Глеб Соколов - Дело Томмазо Кампанелла
– Только что, Томмазо Кампанелла, вы сказали, что характером ваш сын совершенно на вас не похож. И потом, откуда вы знаете, что он страдает по тем же самым причинам, что и вы, то есть, на сколько я вас знаю, от «ужасных лефортовских эмоций», если вы даже не смогли с ним поговорить? По-моему, вы просто изводите мальчика, являясь к нему в пьяном виде, да еще и заливаясь при этом горючими слезами. Представляю его ощущения! Увидеть такого папашу! Который при этом уже целую неделю ночует на вокзале. Должно быть, и видок же у вас был! Как он только не плюнул на вас, а всего лишь развернулся и ушел?!
– Не смейте так говорить! Мальчик никогда бы не плюнул на революционера. Мальчиков всегда интересует все необычное. А тем более мой мальчик никогда бы не плюнул на революционера-отца!
– Да и ваш ли это мальчик? – не унималась женщина-шут. Голос ее звучал издевательски. – Насколько я знаю вашу историю, из его отчества и фамилии следует совсем другое. Да и Лефортовская Царевна во время ссоры говорила вам да и всем соседям, что это не ваш мальчик вовсе… Знаю я вашу историю. Мы же соседи. Впрочем, с вами-то мы, Томмазо Кампанелла, и не соседи вовсе. Соседи мы с Лефортовской Царевной и Шубкой. А вы только появляетесь в их квартире. И то только в последние пару недель. А раньше-то вас там никто никогда не видел. Прописаны-то вы совсем по другому адресу. Потому и не нравится вам Лефортово, что нездешний вы, попали сюда совсем недавно, а ваш родной и любимый рай он – совсем другой. Где-то на окраине, если не ошибаюсь!
– Врете! Мой район – в самом центре! Тверская улица, Манежная площадь, Охотный ряд. Я вырос и жил до самого последнего времени в квартире с видом на Кремль. Только последние недели я маюсь в этом ужасном рабочем Лефортово. Только последствия несчастной любви могли забросить мен в такое ужасное место, как это Лефортово!

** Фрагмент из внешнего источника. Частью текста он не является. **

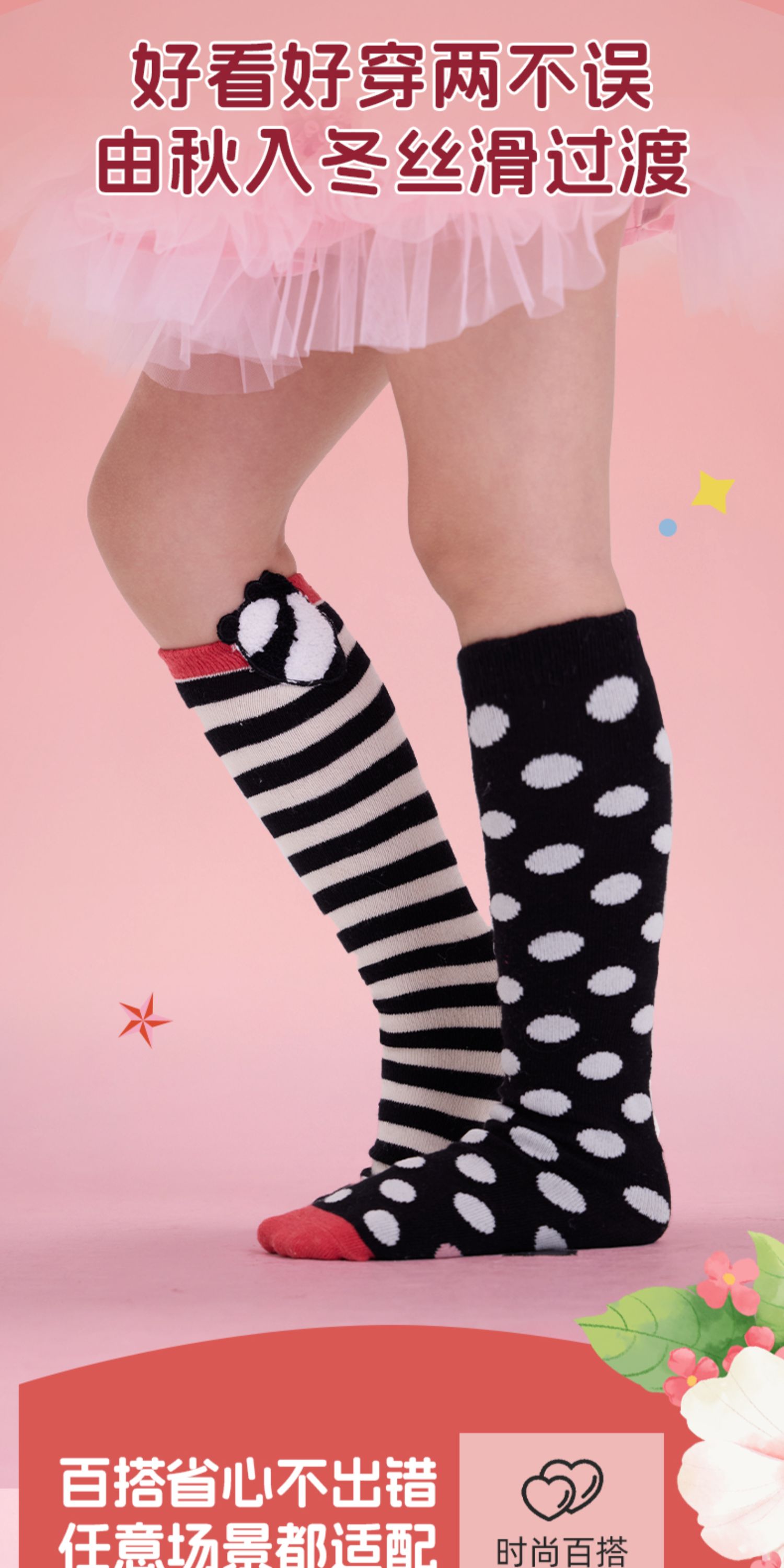 【盼达啵啵袜子】年衣儿童袜子男女童秋冬新款条纹宝宝撞色中筒袜

Нет, если не решительная ночь хориновской революции в настроениях, то уж тюремный-то паспорт точно разрубит Гордиев узел моих кошмаров! Иначе и быть не может! Иначе мне останется только повеситься!.. Но сейчас я все-таки хочу экспортировать революцию в лефортовских настроениях в мозг Шубки. Революция в лефортовских настроениях – только она может спасти его от ужасных страданий, связанных с этим районом. О, моя Шубка!.. О, печальный грех моей юности! Если бы той безумной ночью мы не оказались с Лефортовской Царевной в одной постели, то в этом ужасном мире мучилось бы одной невинной душой меньше. Как я спешу скорее увидеть его!.. Мое печальное дитё декабриста. Прав Рохля – кругом дети декабристов. А мы, декабристы, революционеры… «Во глубине северных руд, храните гордое терпенье…» Нету больше никакого терпения. Все терпение накануне кончилось. Семь дней на вокзале ночую! Как только до сих пор крокодильей чешуей не покрылся, ума не приложу! Но уж сегодня-то точно покроюсь! – слезы зазвучали в голосе Томмазо Кампанелла.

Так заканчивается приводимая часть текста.